> [STUDY MATERIAL]:
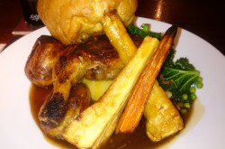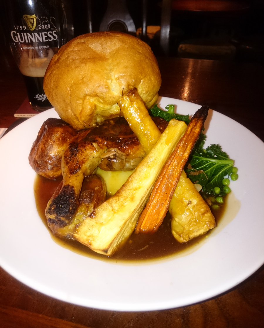 I’ve already mentioned the Yorkshire Pudding, but oh man, it was enormous. The chef could have worn it as a hat.. it could have fed Yorkshire for a week. Well actually, it was soon cut up into squares and was used to mop up the final traces of gravy and peas and polished off with a good swig of Guinness.
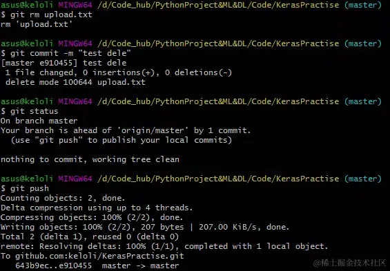 git push -u origin master将本地项目的master分支推送到github上,这样就完成了本地项目和github对应项目同步的工作 - 另外,
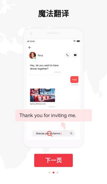 •对话翻译:翻译双语对话,支持33种语言,47种口音。
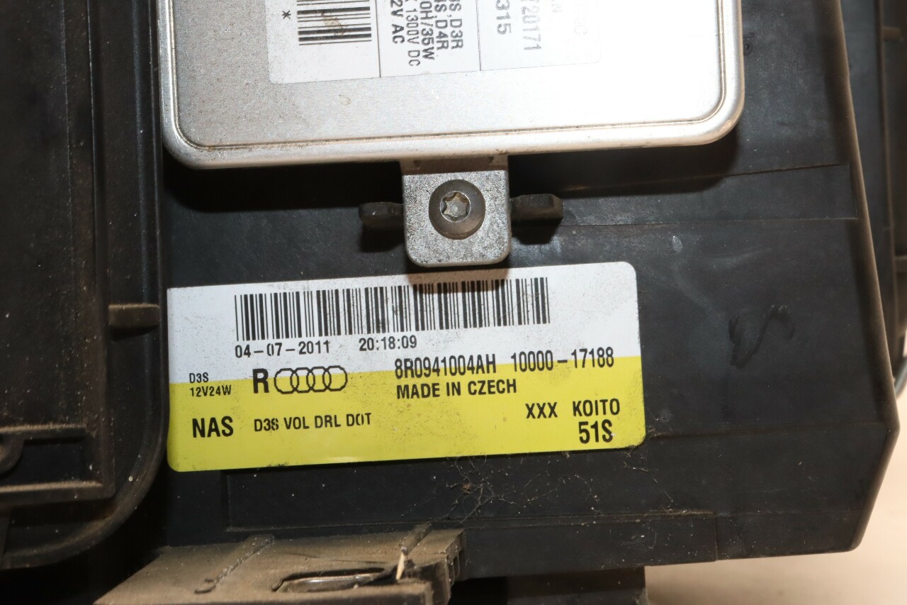 Specialized German is proud to offer this genuine used OEM 2012 Audi Headlight with OEM part number 8R0941004AH. Other possible part numbers include 8R0941004AH; 8R0941030AL. Please verify compatibility with your VIN or consult your technician before purchase.
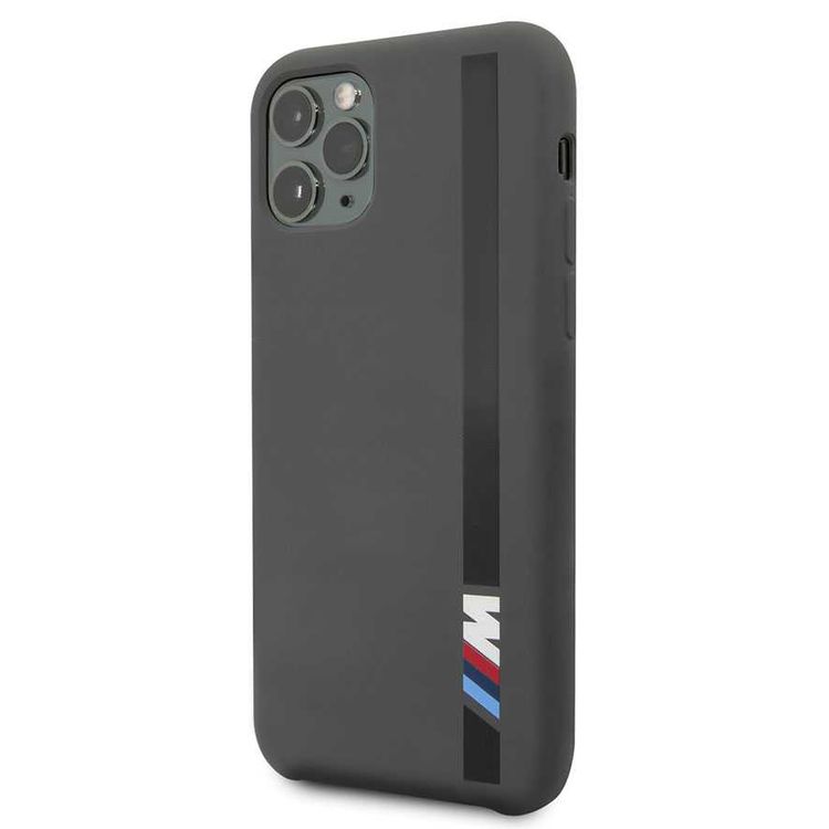 CG Mobile BMW Tone-on-Tone Stripe Silicone Hard Case for iPhone 11 Pro (5.8) Officially Licensed, Shock & Scratch Resistant, Compatible with Wireless Chargers - Dark Gray

> [TASK TO COMPLETE]: Every line from the one containing "Specialized German is" to the final line of the records must be transcribed exactly, both ends included, with the pictures left out.

> [RESULT BELOW]:
 Specialized German is proud to offer this genuine used OEM 2012 Audi Headlight with OEM part number 8R0941004AH. Other possible part numbers include 8R0941004AH; 8R0941030AL. Please verify compatibility with your VIN or consult your technician before purchase.
 CG Mobile BMW Tone-on-Tone Stripe Silicone Hard Case for iPhone 11 Pro (5.8) Officially Licensed, Shock & Scratch Resistant, Compatible with Wireless Chargers - Dark Gray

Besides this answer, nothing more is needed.